*** Opening SUPPLIED DATA ***

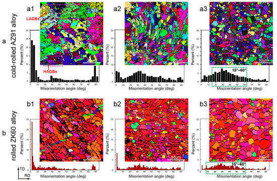 The change of misorientation angle between the grains after the EPT also indicated the recrystallization during the process. The deformed microstructure was dominated by low angle grain boundaries (LAGBs), while the recrystallization grains were represented by large angle grain boundaries (HAGBs) [64]. The grains of cold-rolled AZ31 (Mg-3Al-1Zn) and AZ91 (Mg-9Al-1Zn) alloy were refined after EPT, as shown in Figure 1(a3,a4,b3,b4). Besides, the LAGBs with misorientation within 2–15° were predominant (97%), and the deformed structure with ‘necking’ appeared in the primary grain before recrystallization. After EPT, new fine recrystallized grains formed, with misorientation mainly of HAGBs larger than 15° (82%) [56,65].
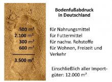 Kaum jemand in Mitteleuropa macht sich Gedanken, wie viel Ackerland jedem Menschen auf der Erde zur Verfügung steht, schon gar nicht wie groß die Fläche ist, die er selbst im Inland und vor allem im Ausland für Nahrung, Kleidung, Sprit etc. gebraucht. Dabei werden bei steigender Weltbevölkerung Böden in großem Umfang geschädigt oder gehen verloren. Der Schutz von Böden ist daher eine Forderung an die Politik, die weder national noch international ausreichend beachtet wird. Es gibt aber Möglichkeiten, selbst etwas für den Boden und seinen Schutz zu tun (Günter Miehlich).
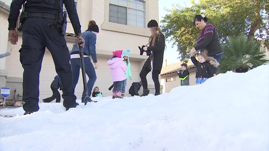 GILBERT, AZ. - Two-year-old Quinn Walker’s face lights up as she builds a snowman in her front yard.
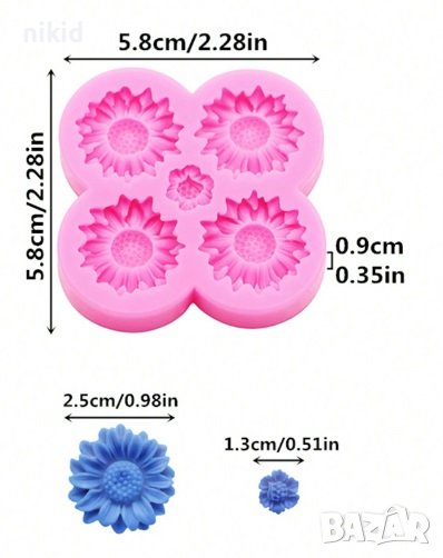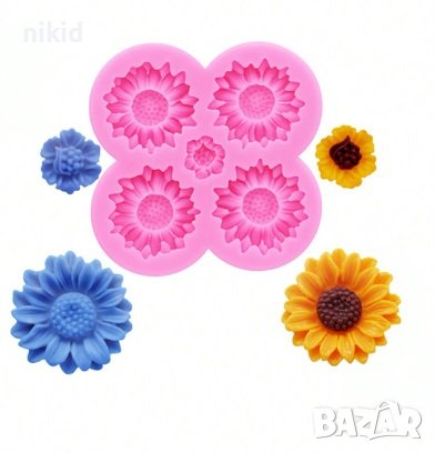 5 цветя цвете малка лайка маргаритка гербер силиконов молд форма фондан гипс шоколад декор → Обява 44105292
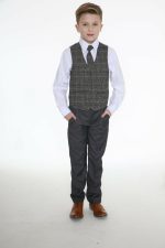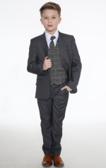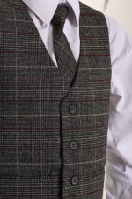 This Stylish Grey suit is incredibly eye catching with its Chequered Waistcoat and matching tie. The design of the waistcoat has various lines of White and Grey which makes this waistcoat the dominant piece of the suit. Subtle hints of red running throughout the pattern compliment the grey jacket and trousers. The whole suit is finished off with a crisp white shirt
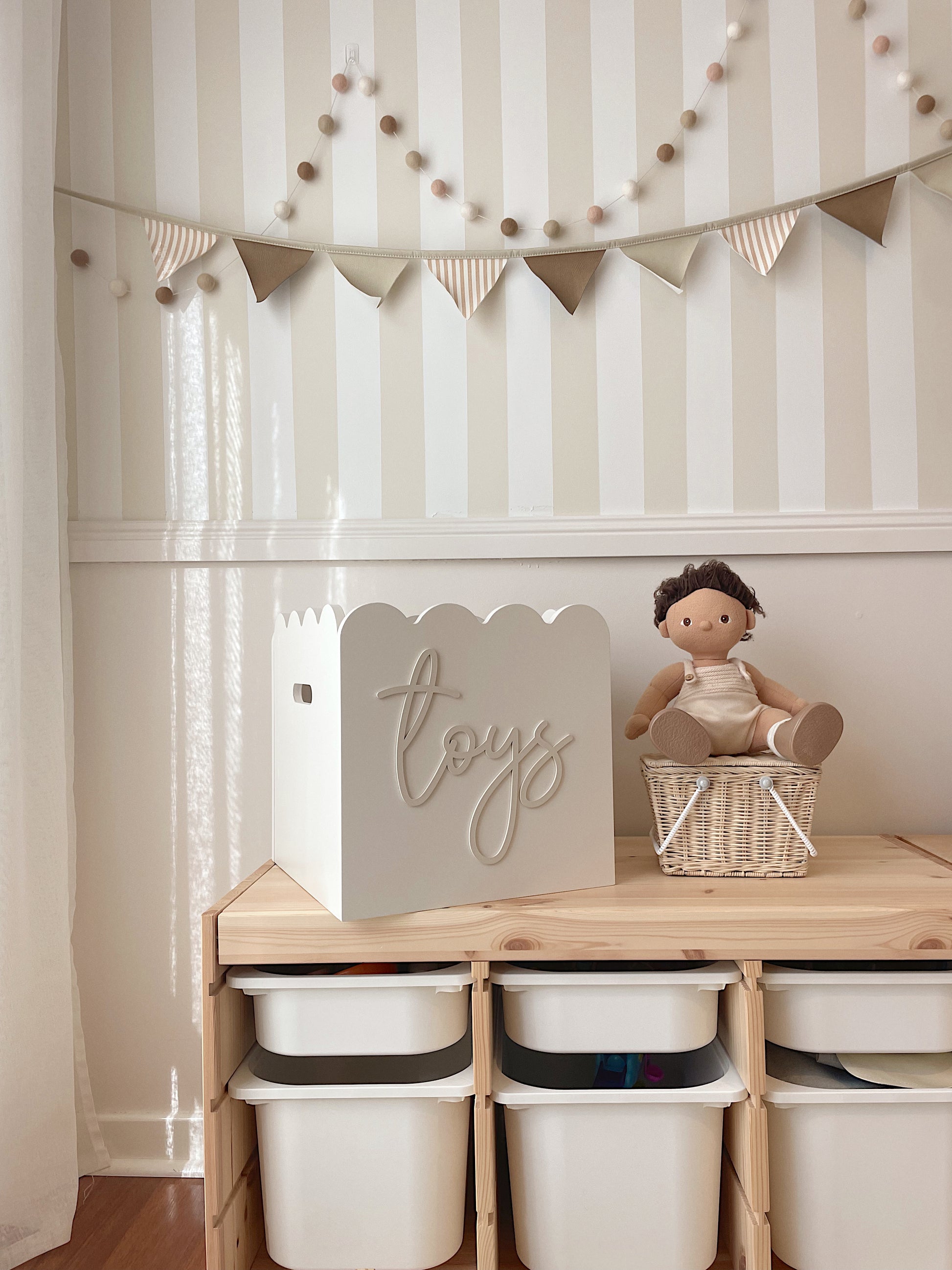 Our toy boxes are carefully handcrafted, which means no two are exactly alike. Slight variations and small imperfections are a natural part of the process — adding to the charm and uniqueness of every piece.
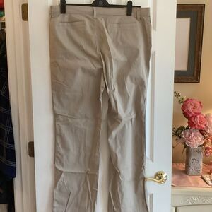 New with tag. Riders by Lee straight leg khaki or tan colored cotton and spandex blend slacks. These feature a front metal zipper with single button closure, sewn-on waistband and two front working pockets. The two rear pockets are working pockets as well. Inseam length measures 32”. Showing photos of front and back sides along with fiber contents and care instructions tags.
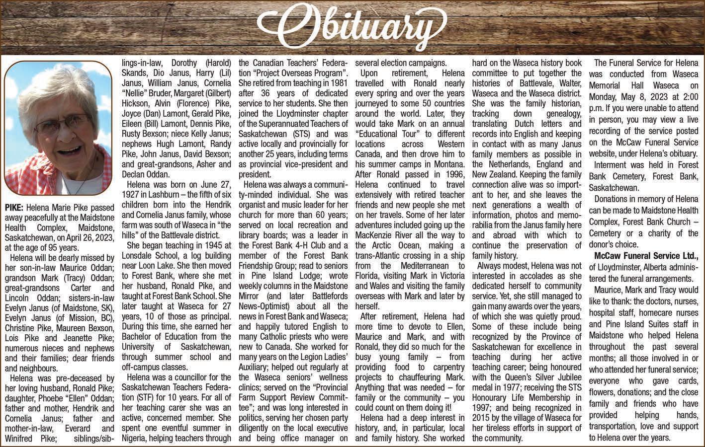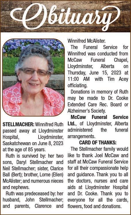 46 MERIDIAN SOURCE Thursday, June 22, 2023 3” wide version 3.75” wide version Squeeze Advertise Province-wide with a combined circulation over 750,000 for only... Value Ad Network Alberta Weekly Newspapers Association toll free 1-800-282-6903 x225 email classifieds@awna.com or visit your community newspaper the MOST out of your advertising dollars Squeeze What is lovely never dies, but passes into other loveliness. - Thomas Bailey Aldrich To remember a loved one or share their memories, place a memoriam or obituary in the Meridian Source by calling... 306-825-5111
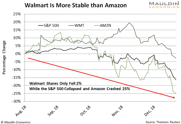 Just think back to the stock market crash late last year. The S&P 500 fell 17% from August through late December. And Amazon’s stock crashed 25%.
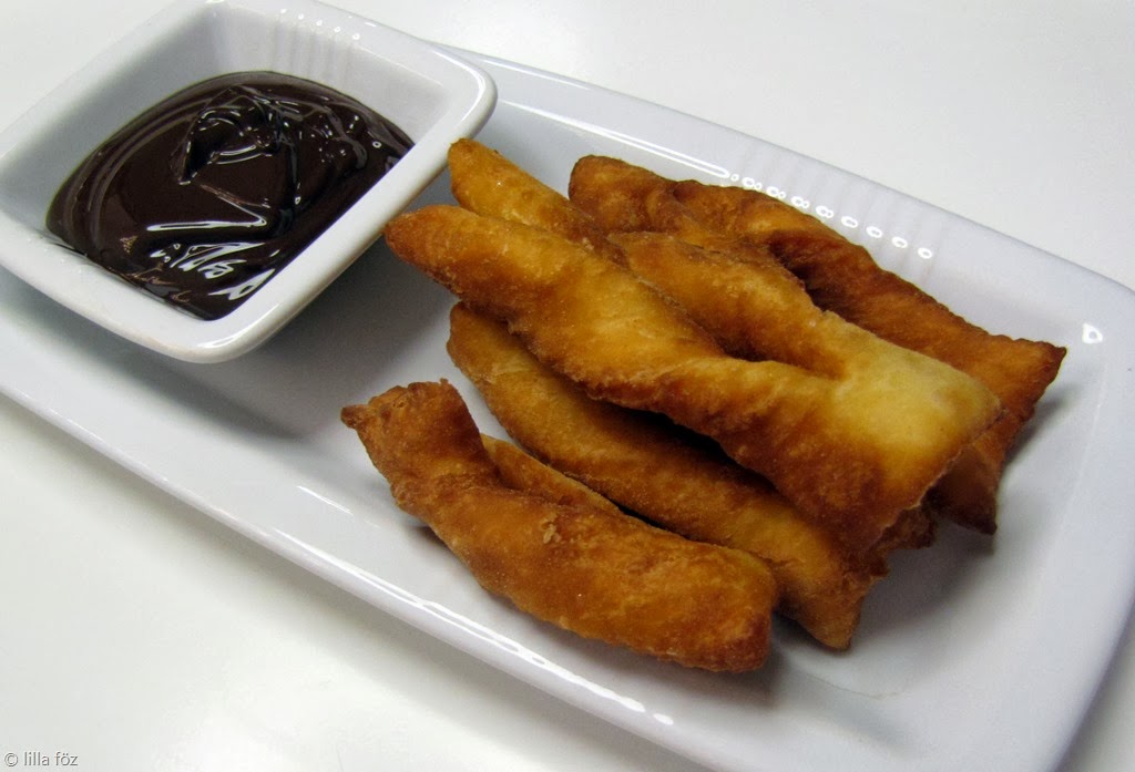 Lisztezett deszkán vékonyra nyújtom, és kb. 3×10 cm-es darabokra vágom. Mindegyiken ejtek egy hosszanti vágást, a tésztadarabok egyik végét átfűzöm a lyukon, és kicsit meghúzom. Forró olajban pár perc alatt megsütöm. Még forrón megporcukrozom, és lekvárral vagy olvasztott csokoládéval tálalom.

*** Closing SUPPLIED DATA ***

◆ ACTIVITY ◆
Each line above that falls between the line with "GILBERT, AZ. - Two-year-old" and the line with "Just think back" should be printed exactly, together with those two lines, but the pictures should not.

◆ RESPONSE ◆
 GILBERT, AZ. - Two-year-old Quinn Walker’s face lights up as she builds a snowman in her front yard.
 5 цветя цвете малка лайка маргаритка гербер силиконов молд форма фондан гипс шоколад декор → Обява 44105292
 This Stylish Grey suit is incredibly eye catching with its Chequered Waistcoat and matching tie. The design of the waistcoat has various lines of White and Grey which makes this waistcoat the dominant piece of the suit. Subtle hints of red running throughout the pattern compliment the grey jacket and trousers. The whole suit is finished off with a crisp white shirt
 Our toy boxes are carefully handcrafted, which means no two are exactly alike. Slight variations and small imperfections are a natural part of the process — adding to the charm and uniqueness of every piece.
 New with tag. Riders by Lee straight leg khaki or tan colored cotton and spandex blend slacks. These feature a front metal zipper with single button closure, sewn-on waistband and two front working pockets. The two rear pockets are working pockets as well. Inseam length measures 32”. Showing photos of front and back sides along with fiber contents and care instructions tags.
 46 MERIDIAN SOURCE Thursday, June 22, 2023 3” wide version 3.75” wide version Squeeze Advertise Province-wide with a combined circulation over 750,000 for only... Value Ad Network Alberta Weekly Newspapers Association toll free 1-800-282-6903 x225 email classifieds@awna.com or visit your community newspaper the MOST out of your advertising dollars Squeeze What is lovely never dies, but passes into other loveliness. - Thomas Bailey Aldrich To remember a loved one or share their memories, place a memoriam or obituary in the Meridian Source by calling... 306-825-5111
 Just think back to the stock market crash late last year. The S&P 500 fell 17% from August through late December. And Amazon’s stock crashed 25%.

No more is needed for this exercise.